Подтолкнув его вперед, пошла следом, неся лампу побольше, посветлей. Дядя Юнус низко горбился на лавке, уперев в нее ладони, голова склонилась, выбритая, блестяще-белая, но посредине макушки розовел кружок лысины. Вскидываясь, дрожа легким телом, он улыбнулся Габдулле. Пожатье его руки было резким, но не сильным.
— Я давно собирался к вам, — сказал Габдулла, садясь на табурет возле лавки. — Как выросли ваши мальчики…
— Рифкат уже работает, — сказал дядя Юнус, — в мастерских у Винклера. И Хикмат там же.
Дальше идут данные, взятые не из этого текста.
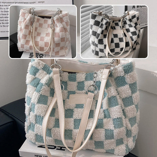 Women's Fashion Plush Plaid Shoulder Tote Bag

Его ведь уволили с завода… наверно, слышал.
— Да, — ответил он, хотя слышал впервые.
— Ибн-Аминов объявил локаут, — продолжал дядя Юнус. — Две недели завод не работал. Многие поуходили сами, я тоже подумывал… да куда мне теперь. Авось, к весне поправлюсь, недолго до весны… Получили весточку от Моргулиса, он в Екатеринбурге. Будь я помоложе, — произнес он с сожалением, — тоже уехал бы куда-нибудь.
— И я хочу уехать, дядя Юнус. Мне пишут из Оренбурга, из Казани, зовут сотрудничать.
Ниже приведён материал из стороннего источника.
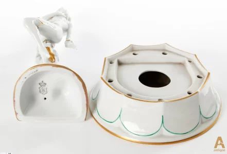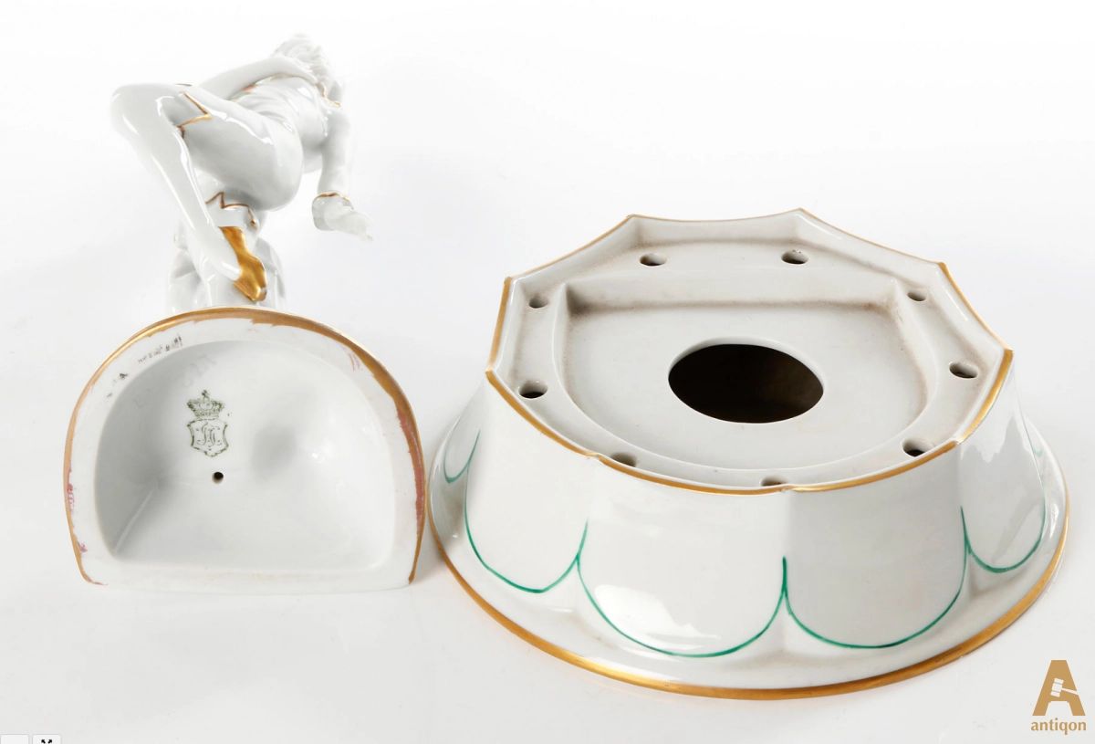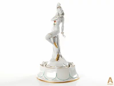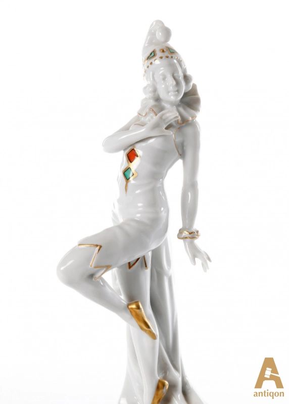 Porcelāna figūra "Meitene Arlekīna kostīmā", sastāv no pjedestāla un meitenes figūras. Ražotāja zīmogs.

— Поезжай, — просто ответил дядя Юнус. — Здесь ты слишком на виду… и слишком, должно быть, одинок.
Он улыбнулся:
— Это будет похоже на бегство.
— Было бы так, если бы ты не уходил к большей опасности.
— Я не трус, — сказал он спокойно. — Но способен ли я на серьезное дело — вот о чем я думаю.
— Ты способен скорбеть по чужой печали. Ох, сынок, все трудное еще впереди.
— Я знаю, — сказал он горько и ласково. — Но вы не бойтесь за меня.
Вошла тетушка Сарби с чашками к чаю, поставила сахар и даже масло.
— Масло принесла Нафисэ, — сказала она, считая нужным объяснить, откуда в доме такая роскошь. — Девочка наша, слава богу, нашла свою судьбу.
Она замужем! Габдулла отклонился от лампы и напряженно затих. Дядя Юнус виновато искал его затемнившееся лицо.